Exercise description
For this task, output exactly the lines of the material below starting at the line with "商河县电商直播行业党支部书记" and ending at the line with "Wavy shapes dance"; pictures are to be excluded.

*** Opening of Provided data ***

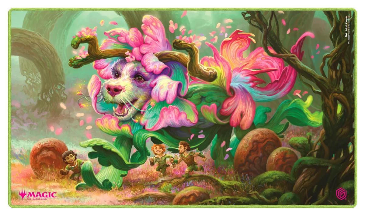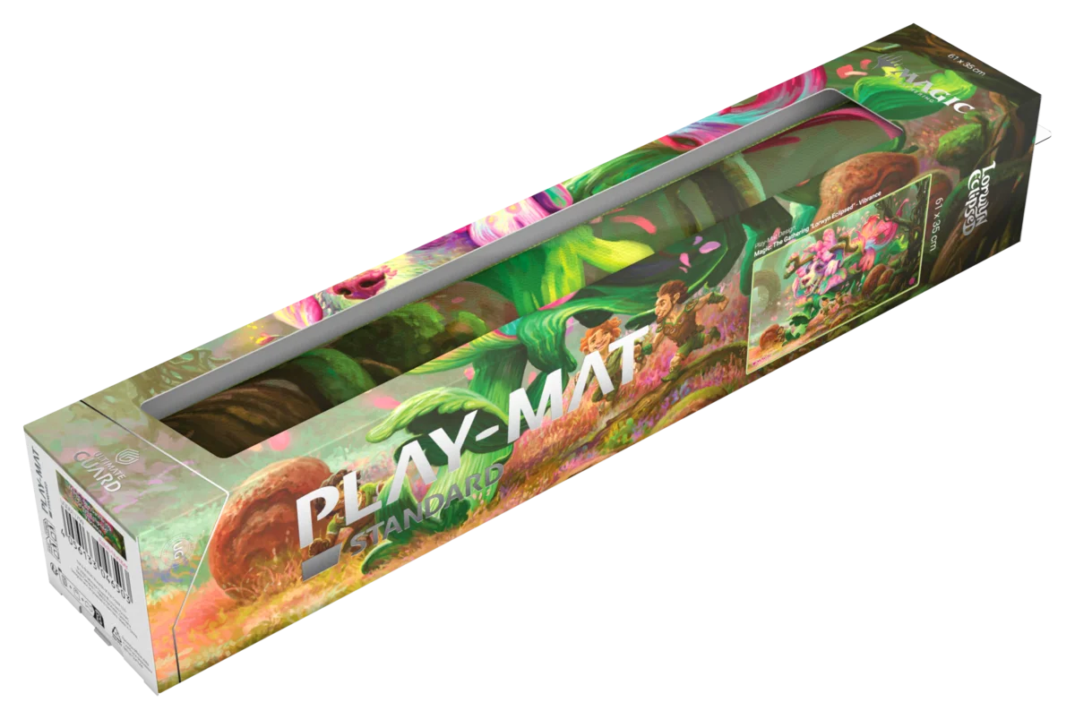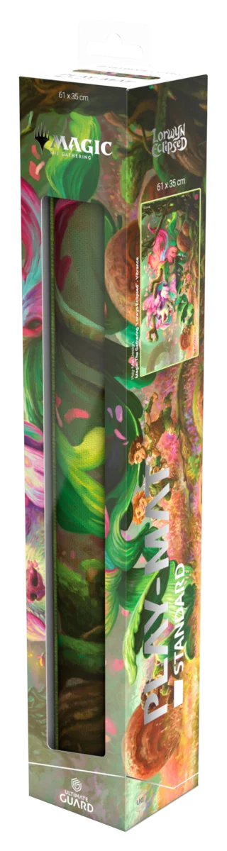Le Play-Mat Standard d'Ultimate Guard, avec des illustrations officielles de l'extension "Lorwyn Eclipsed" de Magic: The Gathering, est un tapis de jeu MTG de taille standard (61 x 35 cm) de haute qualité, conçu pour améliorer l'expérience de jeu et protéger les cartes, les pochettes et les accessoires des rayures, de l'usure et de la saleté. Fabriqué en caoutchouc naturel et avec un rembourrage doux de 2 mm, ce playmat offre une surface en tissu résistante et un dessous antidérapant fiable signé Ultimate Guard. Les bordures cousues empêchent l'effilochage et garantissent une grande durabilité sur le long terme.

*** Close of Provided data ***
*** Opening of Provided data ***

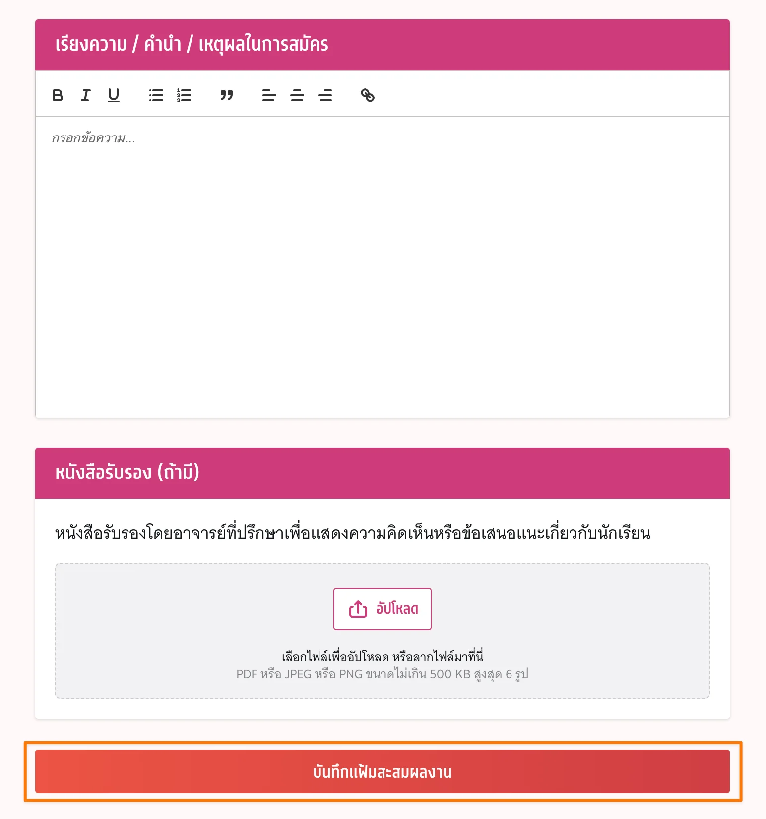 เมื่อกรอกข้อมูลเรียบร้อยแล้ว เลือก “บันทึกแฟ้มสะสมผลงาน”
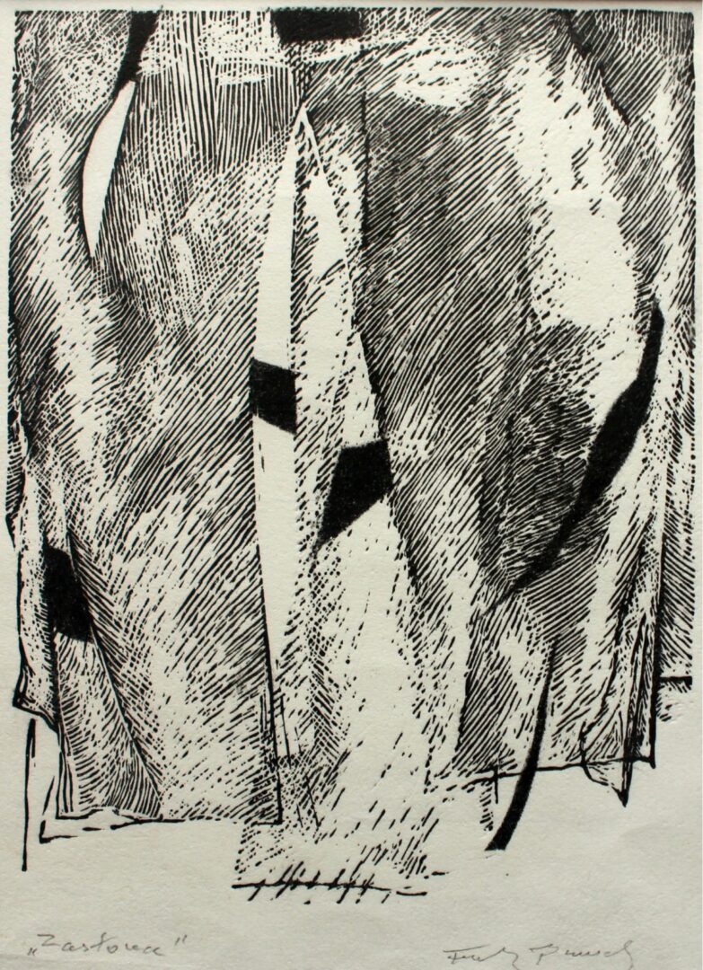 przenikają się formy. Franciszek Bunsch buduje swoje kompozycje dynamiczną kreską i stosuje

*** Close of Provided data ***
*** Opening of Provided data ***

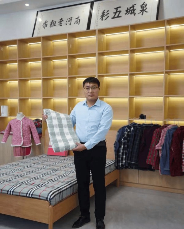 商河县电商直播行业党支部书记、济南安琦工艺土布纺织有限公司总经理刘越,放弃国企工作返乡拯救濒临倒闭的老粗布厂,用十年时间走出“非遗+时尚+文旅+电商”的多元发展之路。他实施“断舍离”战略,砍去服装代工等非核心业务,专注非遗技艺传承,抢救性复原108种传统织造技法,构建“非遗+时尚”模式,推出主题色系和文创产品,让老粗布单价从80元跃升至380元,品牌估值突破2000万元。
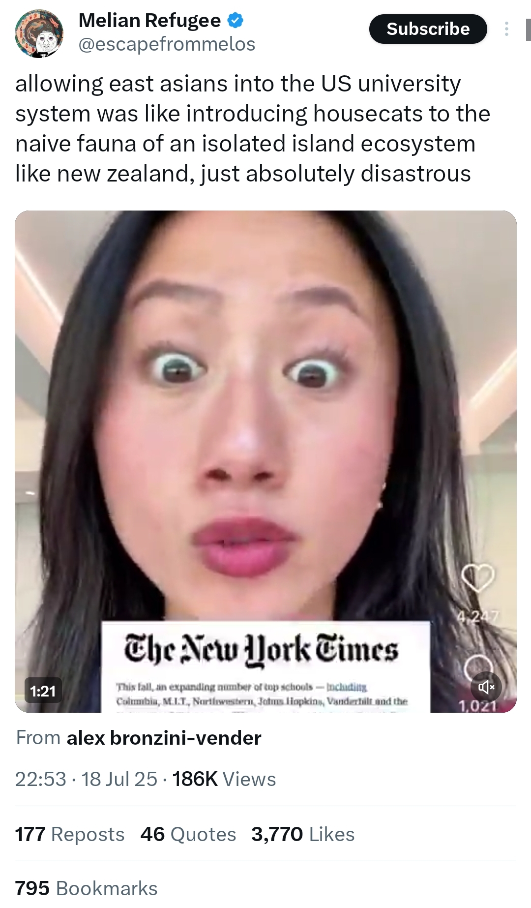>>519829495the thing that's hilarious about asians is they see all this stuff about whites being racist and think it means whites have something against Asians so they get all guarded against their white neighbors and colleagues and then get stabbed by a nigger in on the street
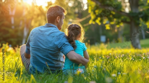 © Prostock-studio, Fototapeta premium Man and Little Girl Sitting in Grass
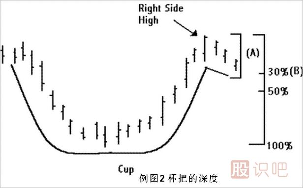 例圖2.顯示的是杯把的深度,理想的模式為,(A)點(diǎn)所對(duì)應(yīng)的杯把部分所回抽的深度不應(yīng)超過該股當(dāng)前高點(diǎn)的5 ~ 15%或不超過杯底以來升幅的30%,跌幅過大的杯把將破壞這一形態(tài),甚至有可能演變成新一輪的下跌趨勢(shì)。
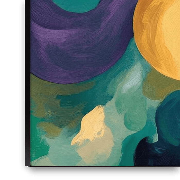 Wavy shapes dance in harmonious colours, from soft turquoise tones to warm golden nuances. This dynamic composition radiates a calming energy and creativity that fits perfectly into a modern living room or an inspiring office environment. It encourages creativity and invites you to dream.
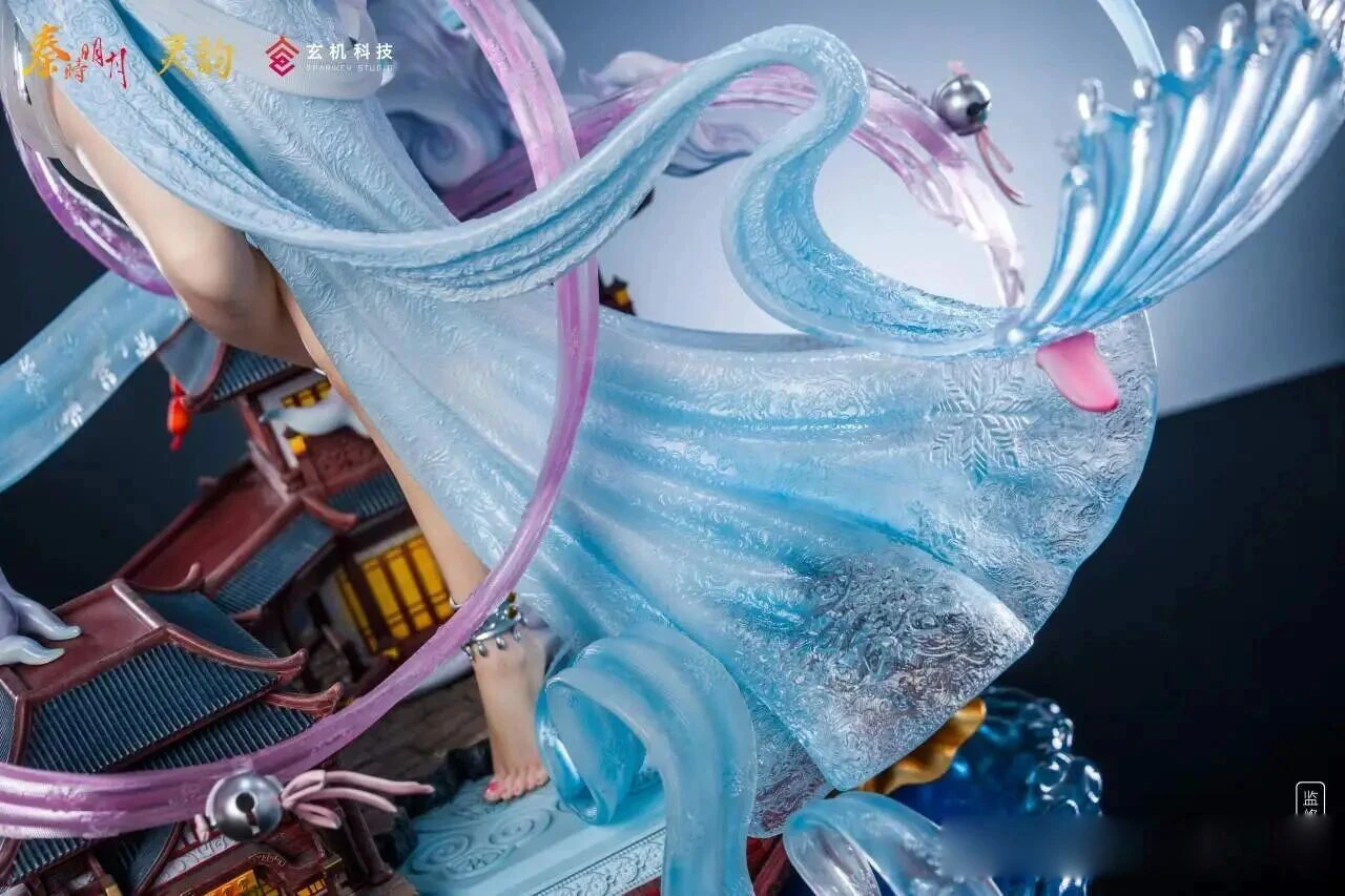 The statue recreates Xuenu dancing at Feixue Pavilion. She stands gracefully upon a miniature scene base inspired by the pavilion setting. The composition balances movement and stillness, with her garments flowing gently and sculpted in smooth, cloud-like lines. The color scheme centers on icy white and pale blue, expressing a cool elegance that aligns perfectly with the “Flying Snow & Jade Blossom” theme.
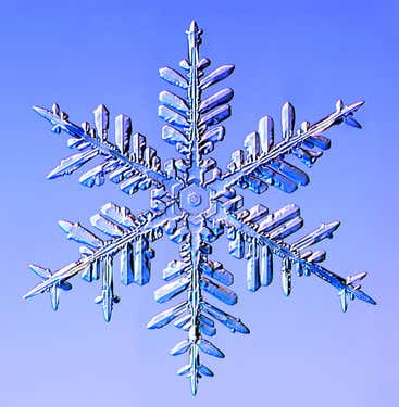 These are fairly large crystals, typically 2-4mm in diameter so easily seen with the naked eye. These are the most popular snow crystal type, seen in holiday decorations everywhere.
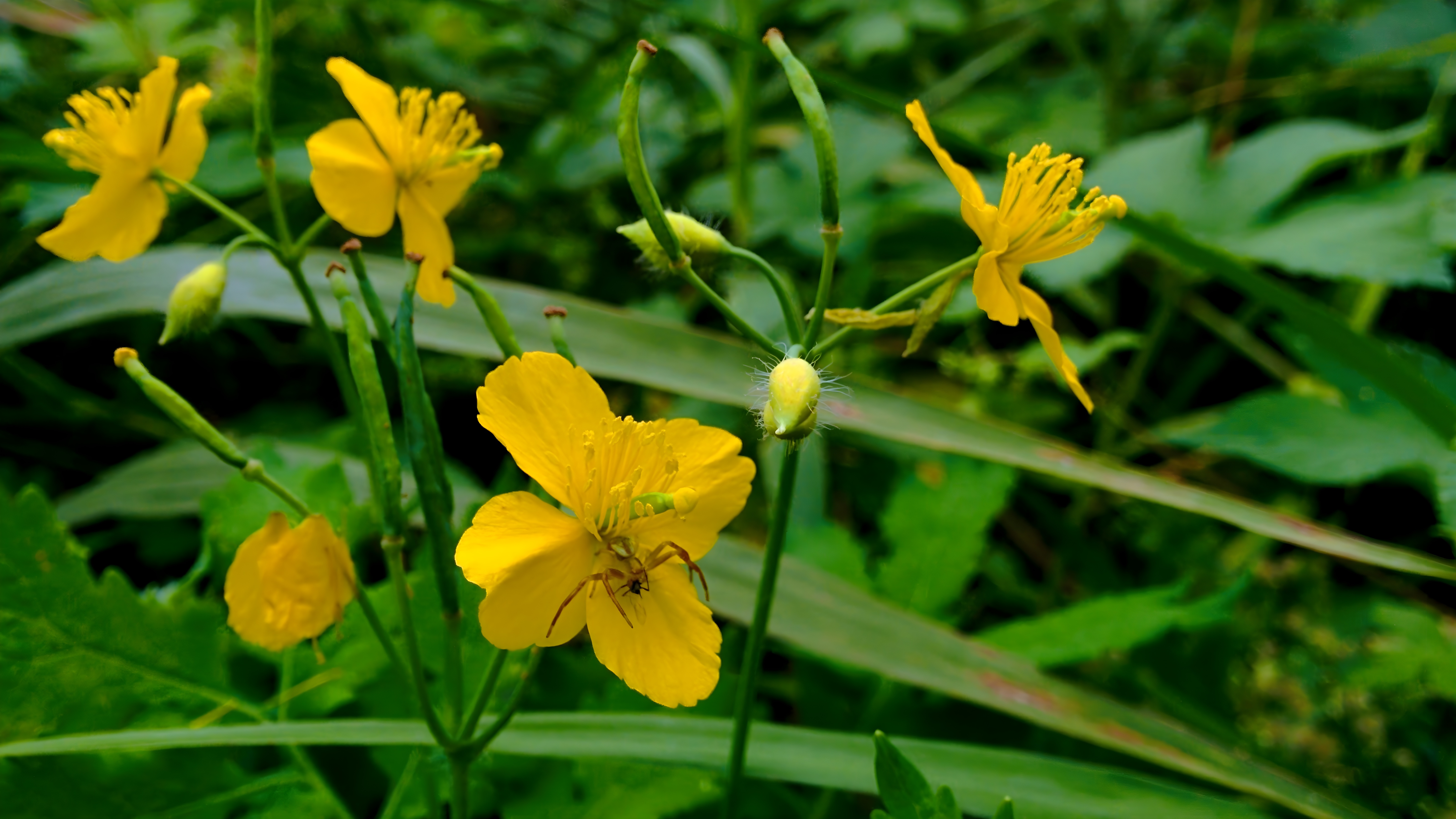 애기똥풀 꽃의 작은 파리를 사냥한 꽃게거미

*** Close of Provided data ***

Problem solution
 商河县电商直播行业党支部书记、济南安琦工艺土布纺织有限公司总经理刘越,放弃国企工作返乡拯救濒临倒闭的老粗布厂,用十年时间走出“非遗+时尚+文旅+电商”的多元发展之路。他实施“断舍离”战略,砍去服装代工等非核心业务,专注非遗技艺传承,抢救性复原108种传统织造技法,构建“非遗+时尚”模式,推出主题色系和文创产品,让老粗布单价从80元跃升至380元,品牌估值突破2000万元。
>>519829495the thing that's hilarious about asians is they see all this stuff about whites being racist and think it means whites have something against Asians so they get all guarded against their white neighbors and colleagues and then get stabbed by a nigger in on the street
 © Prostock-studio, Fototapeta premium Man and Little Girl Sitting in Grass
 例圖2.顯示的是杯把的深度,理想的模式為,(A)點(diǎn)所對(duì)應(yīng)的杯把部分所回抽的深度不應(yīng)超過該股當(dāng)前高點(diǎn)的5 ~ 15%或不超過杯底以來升幅的30%,跌幅過大的杯把將破壞這一形態(tài),甚至有可能演變成新一輪的下跌趨勢(shì)。
 Wavy shapes dance in harmonious colours, from soft turquoise tones to warm golden nuances. This dynamic composition radiates a calming energy and creativity that fits perfectly into a modern living room or an inspiring office environment. It encourages creativity and invites you to dream.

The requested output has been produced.